_RECORDS_:
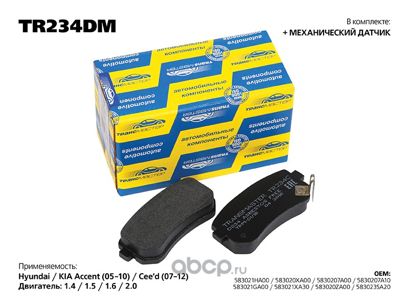 | TRANSMASTER | TR234DM | Колодка дискового тормоза с накладками в сборе задняя ось | ||
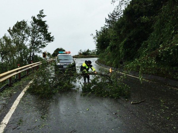 仁爱警分局翠峰派出所员警,在台14甲线22公里路段附近发现被风段落的树枝。(记者陈凤丽翻摄)
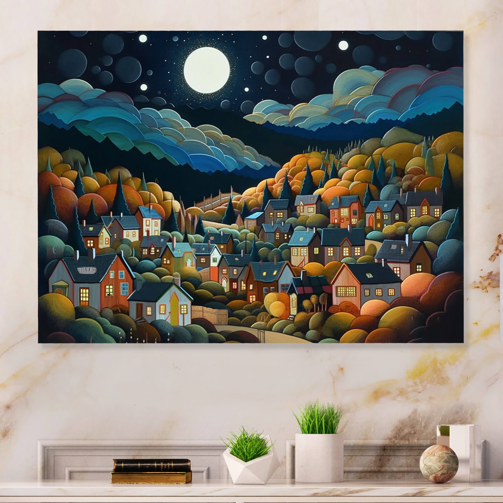 Designart "Small Alpine Village in Fall IV" Landscape Mountains Metal Wall Art
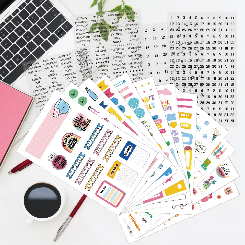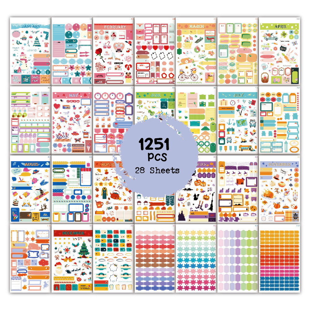 内容:12个月份,季节、节日、生日、读书、休息、目标、提示等日常用的195个贴纸。
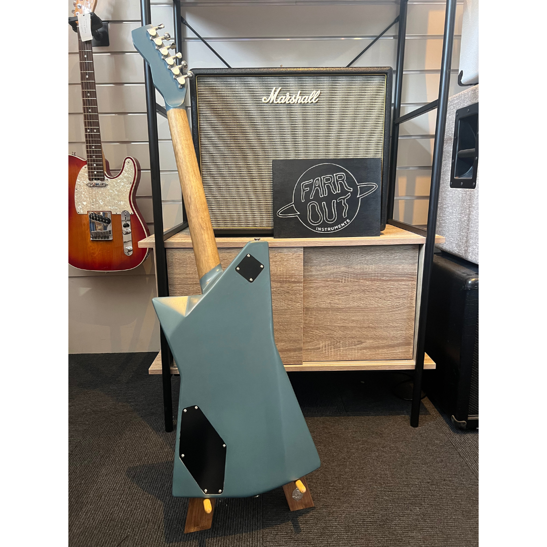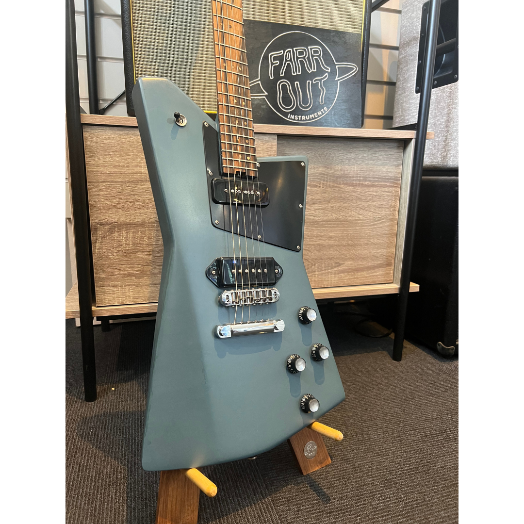 Starrgazer-modellen er Reece sitt eget design og oppleves som svært ergonomisk og balansert. Ingen neck-dive her i gården. P-90-mikrofonene er uvokset og låter meget tøft med mye karakter, men fremdeles med klarhet og definisjon. Halsen har en C+ profil som føles veldig naturlig i hånden. Anbefales på det varmeste å prøves.

_TO DO_: After locating the line with "Metal Wall Art", transcribe it and the rest of the data above exactly as written, without any picture.

_SOLUTION TO THE PROBLEM_:
 Designart "Small Alpine Village in Fall IV" Landscape Mountains Metal Wall Art
 内容:12个月份,季节、节日、生日、读书、休息、目标、提示等日常用的195个贴纸。
 Starrgazer-modellen er Reece sitt eget design og oppleves som svært ergonomisk og balansert. Ingen neck-dive her i gården. P-90-mikrofonene er uvokset og låter meget tøft med mye karakter, men fremdeles med klarhet og definisjon. Halsen har en C+ profil som føles veldig naturlig i hånden. Anbefales på det varmeste å prøves.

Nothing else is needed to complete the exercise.